BRIEF ▸
Everything from the line with "buckle; wood-look midsole" to the line with "a continuación tienes" in the listing below, both lines included, needs to be copied exactly, apart from the pictures.

EXERCISE DATA ▸
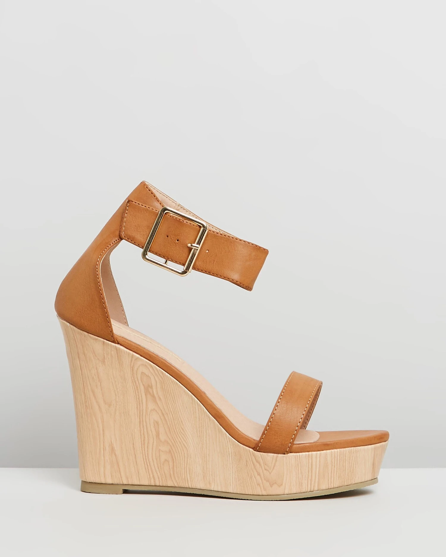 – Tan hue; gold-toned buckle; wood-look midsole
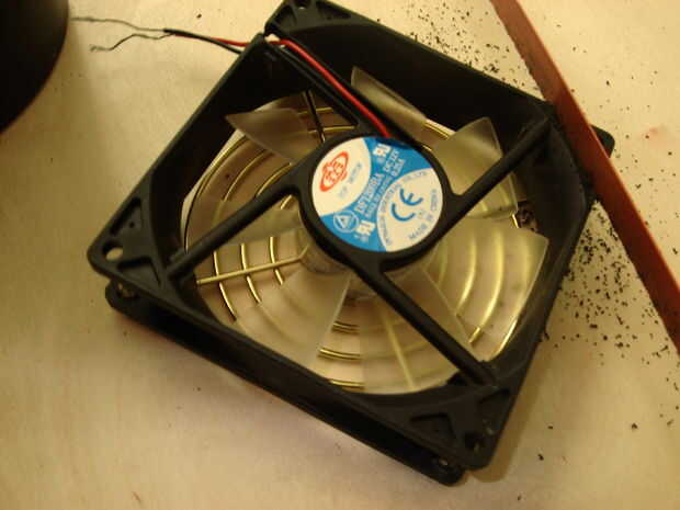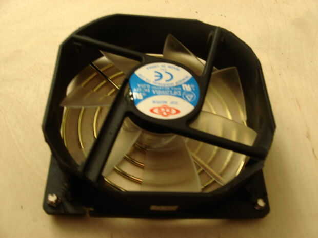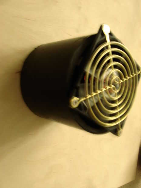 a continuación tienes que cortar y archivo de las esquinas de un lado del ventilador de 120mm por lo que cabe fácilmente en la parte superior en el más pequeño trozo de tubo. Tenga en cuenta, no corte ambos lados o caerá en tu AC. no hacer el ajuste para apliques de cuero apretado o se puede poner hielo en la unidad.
---
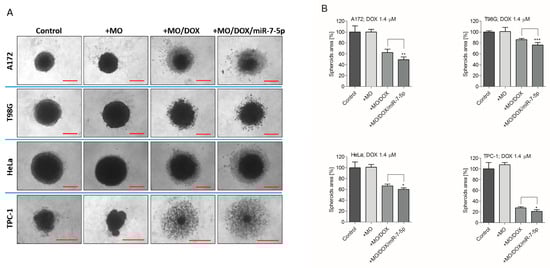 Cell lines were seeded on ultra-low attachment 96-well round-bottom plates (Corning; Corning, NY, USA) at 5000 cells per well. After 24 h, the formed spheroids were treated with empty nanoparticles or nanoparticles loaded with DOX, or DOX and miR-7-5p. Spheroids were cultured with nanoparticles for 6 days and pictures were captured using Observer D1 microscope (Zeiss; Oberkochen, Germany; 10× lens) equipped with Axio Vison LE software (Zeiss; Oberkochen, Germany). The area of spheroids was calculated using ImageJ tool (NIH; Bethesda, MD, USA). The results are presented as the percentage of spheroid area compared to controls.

EXERCISE RESULT ▸
 – Tan hue; gold-toned buckle; wood-look midsole
 a continuación tienes que cortar y archivo de las esquinas de un lado del ventilador de 120mm por lo que cabe fácilmente en la parte superior en el más pequeño trozo de tubo. Tenga en cuenta, no corte ambos lados o caerá en tu AC. no hacer el ajuste para apliques de cuero apretado o se puede poner hielo en la unidad.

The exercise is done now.